### Given data
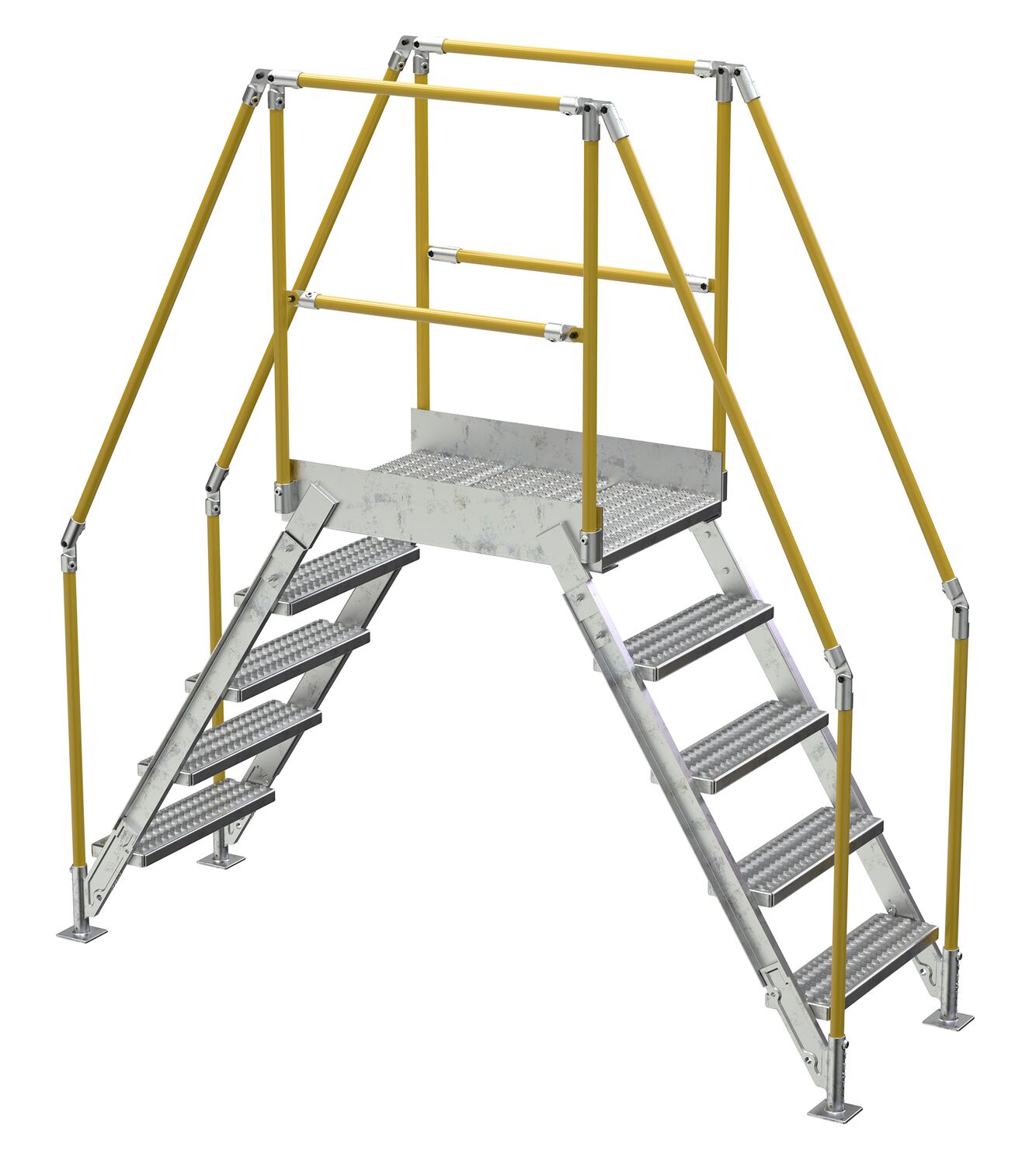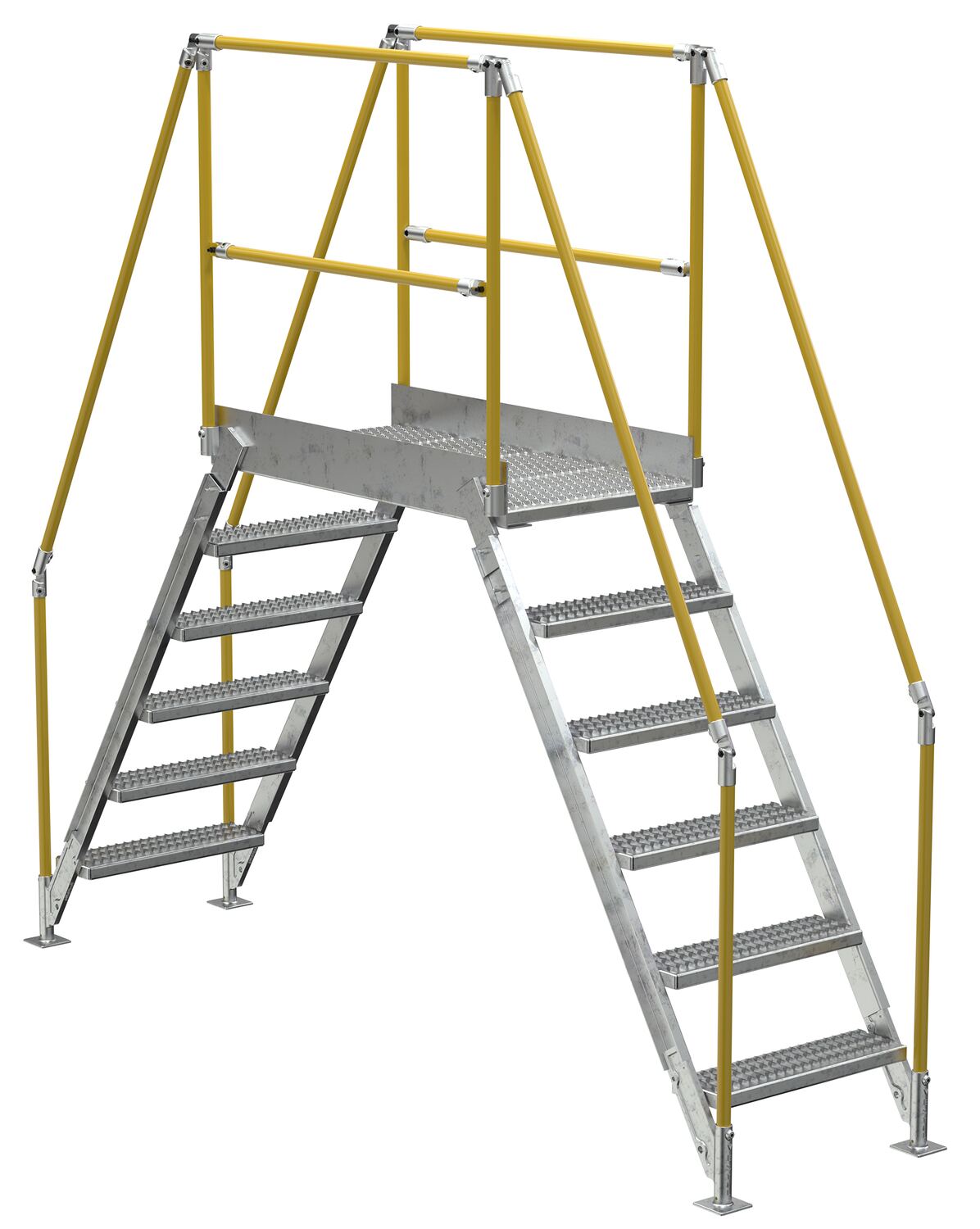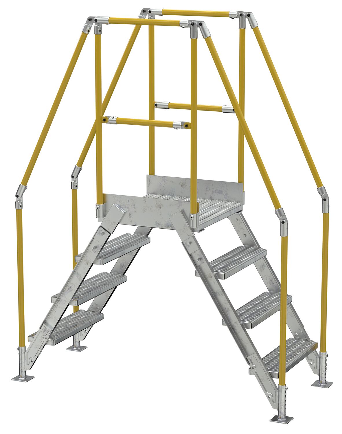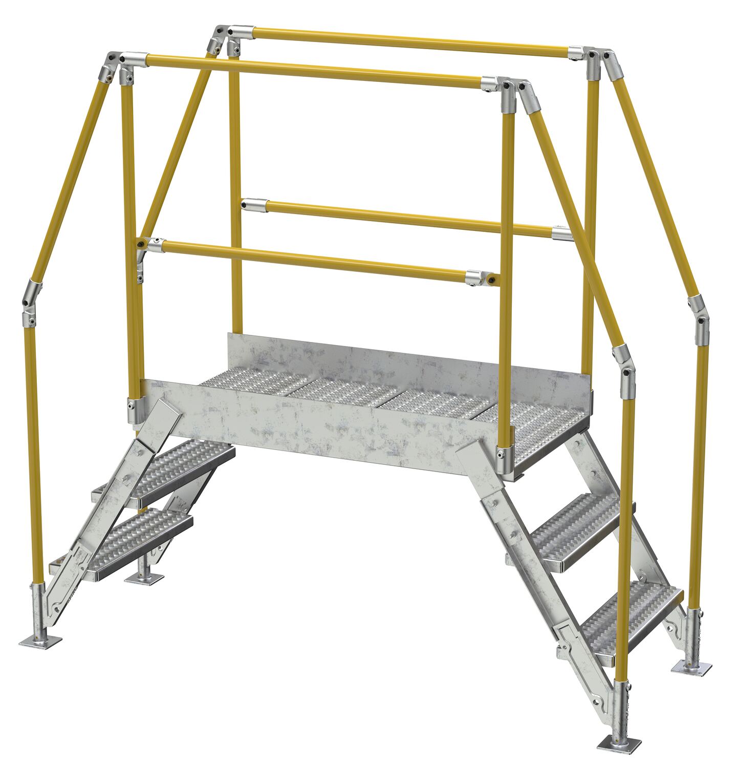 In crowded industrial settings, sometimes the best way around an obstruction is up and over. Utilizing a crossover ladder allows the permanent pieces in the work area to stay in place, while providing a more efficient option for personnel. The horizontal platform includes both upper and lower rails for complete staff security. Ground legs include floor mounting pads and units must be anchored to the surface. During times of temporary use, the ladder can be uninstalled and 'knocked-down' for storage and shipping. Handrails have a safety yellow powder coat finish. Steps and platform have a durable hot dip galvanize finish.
==
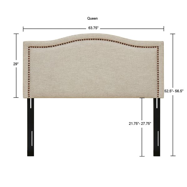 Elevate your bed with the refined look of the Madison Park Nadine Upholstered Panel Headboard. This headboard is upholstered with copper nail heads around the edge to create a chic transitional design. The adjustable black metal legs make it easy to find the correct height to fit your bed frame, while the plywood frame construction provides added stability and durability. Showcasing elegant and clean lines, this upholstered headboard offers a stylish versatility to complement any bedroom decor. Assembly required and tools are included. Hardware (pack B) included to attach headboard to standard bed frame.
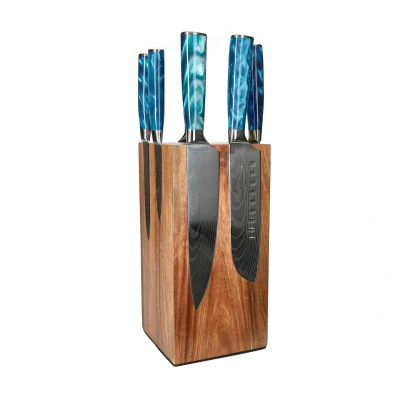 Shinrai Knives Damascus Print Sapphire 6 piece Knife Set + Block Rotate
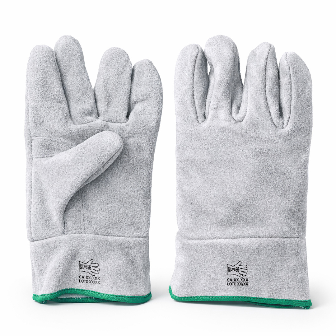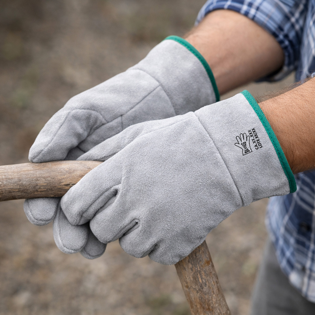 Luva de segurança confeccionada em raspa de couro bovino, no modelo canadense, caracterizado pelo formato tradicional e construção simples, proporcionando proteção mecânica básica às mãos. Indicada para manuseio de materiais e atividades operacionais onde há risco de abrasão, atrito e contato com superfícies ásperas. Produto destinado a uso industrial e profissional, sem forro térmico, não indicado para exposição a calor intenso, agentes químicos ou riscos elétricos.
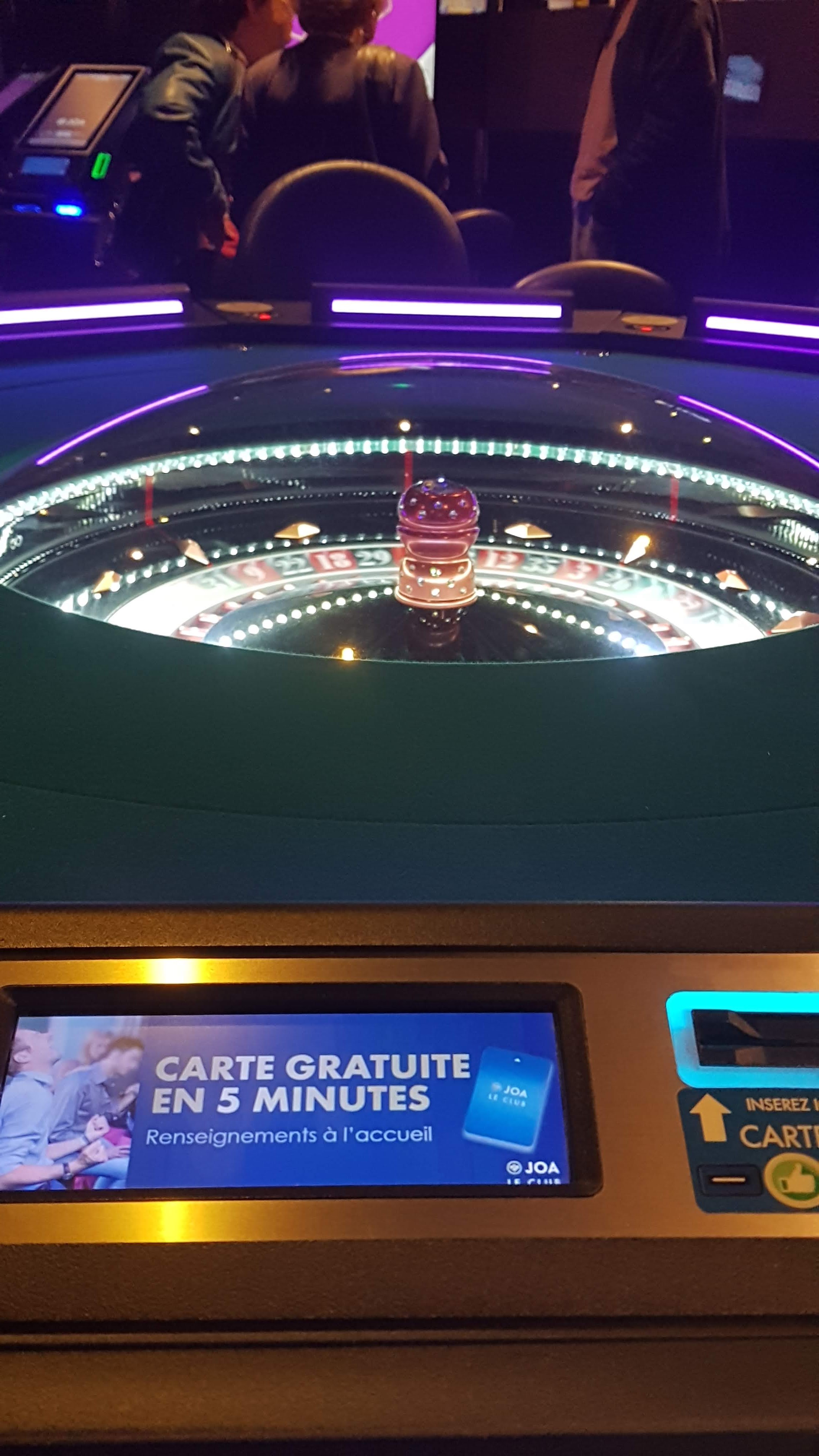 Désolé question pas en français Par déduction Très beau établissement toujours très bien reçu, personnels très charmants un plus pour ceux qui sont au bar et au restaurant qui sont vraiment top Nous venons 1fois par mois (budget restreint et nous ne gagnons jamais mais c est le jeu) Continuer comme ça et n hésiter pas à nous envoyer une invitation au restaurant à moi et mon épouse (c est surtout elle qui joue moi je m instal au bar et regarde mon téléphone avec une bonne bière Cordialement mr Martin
...
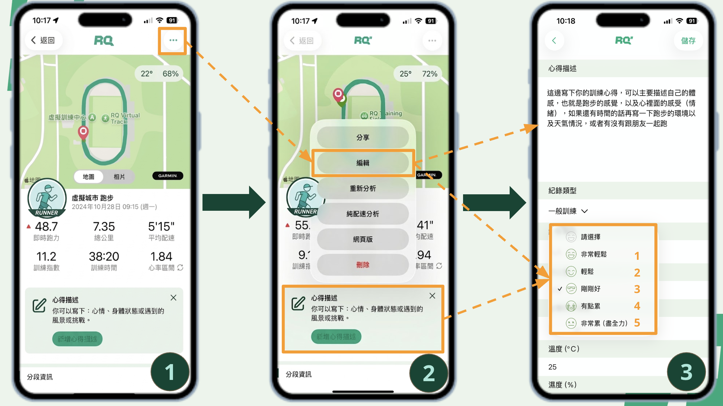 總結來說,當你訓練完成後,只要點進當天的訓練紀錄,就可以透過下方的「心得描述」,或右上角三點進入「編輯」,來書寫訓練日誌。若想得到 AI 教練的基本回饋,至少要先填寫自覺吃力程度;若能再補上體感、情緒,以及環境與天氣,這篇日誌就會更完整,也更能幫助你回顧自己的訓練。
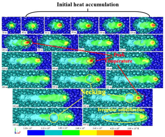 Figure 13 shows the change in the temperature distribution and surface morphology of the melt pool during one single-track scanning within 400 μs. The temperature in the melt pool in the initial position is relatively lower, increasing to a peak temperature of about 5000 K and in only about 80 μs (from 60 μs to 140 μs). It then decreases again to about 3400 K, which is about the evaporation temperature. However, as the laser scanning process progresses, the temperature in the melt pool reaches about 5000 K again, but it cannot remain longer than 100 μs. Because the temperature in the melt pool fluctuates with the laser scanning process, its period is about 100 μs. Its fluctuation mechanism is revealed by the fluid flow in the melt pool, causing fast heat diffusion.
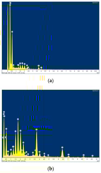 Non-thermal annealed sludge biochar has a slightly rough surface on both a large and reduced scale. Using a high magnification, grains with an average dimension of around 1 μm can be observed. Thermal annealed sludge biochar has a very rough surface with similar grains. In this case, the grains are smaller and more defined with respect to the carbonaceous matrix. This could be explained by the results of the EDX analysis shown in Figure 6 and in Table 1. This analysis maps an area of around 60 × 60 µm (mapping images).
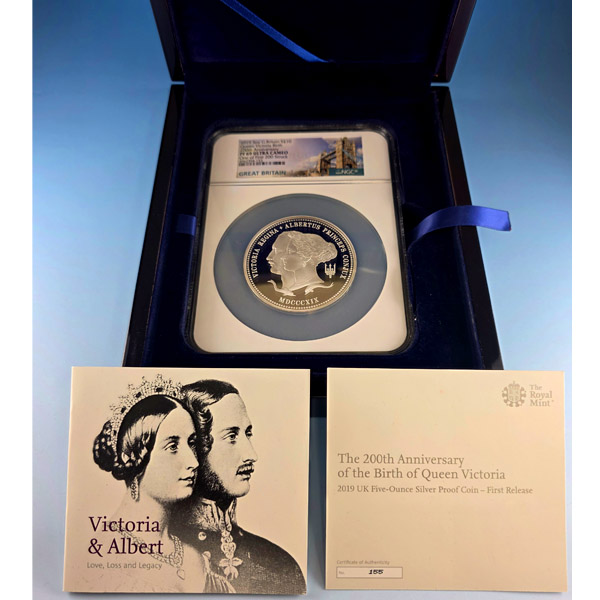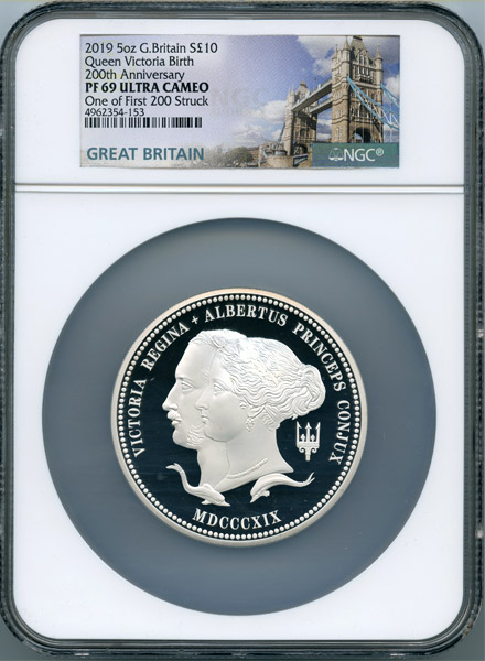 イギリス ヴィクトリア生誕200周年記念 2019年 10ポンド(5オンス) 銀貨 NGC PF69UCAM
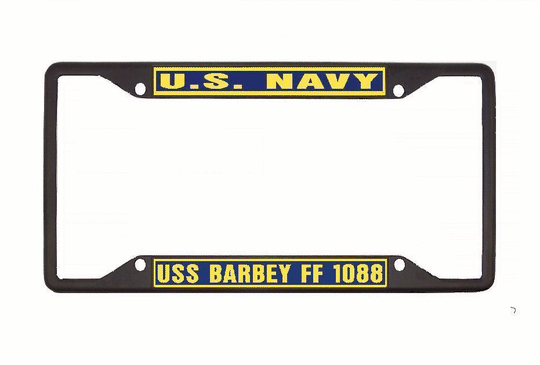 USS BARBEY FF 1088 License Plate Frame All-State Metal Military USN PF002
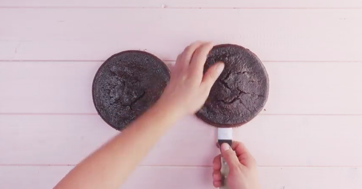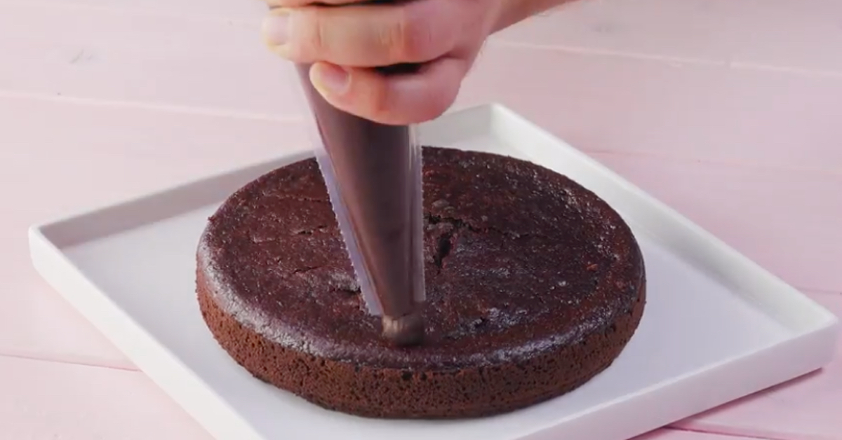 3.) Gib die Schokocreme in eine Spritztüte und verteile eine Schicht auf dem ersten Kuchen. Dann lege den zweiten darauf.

### Action item
From the records above, copy exactly the stretch from the line holding "Elevate your bed" through the line holding "Luva de segurança", both ends included, without the pictures.

### Output of the exercise
 Elevate your bed with the refined look of the Madison Park Nadine Upholstered Panel Headboard. This headboard is upholstered with copper nail heads around the edge to create a chic transitional design. The adjustable black metal legs make it easy to find the correct height to fit your bed frame, while the plywood frame construction provides added stability and durability. Showcasing elegant and clean lines, this upholstered headboard offers a stylish versatility to complement any bedroom decor. Assembly required and tools are included. Hardware (pack B) included to attach headboard to standard bed frame.
 Shinrai Knives Damascus Print Sapphire 6 piece Knife Set + Block Rotate
 Luva de segurança confeccionada em raspa de couro bovino, no modelo canadense, caracterizado pelo formato tradicional e construção simples, proporcionando proteção mecânica básica às mãos. Indicada para manuseio de materiais e atividades operacionais onde há risco de abrasão, atrito e contato com superfícies ásperas. Produto destinado a uso industrial e profissional, sem forro térmico, não indicado para exposição a calor intenso, agentes químicos ou riscos elétricos.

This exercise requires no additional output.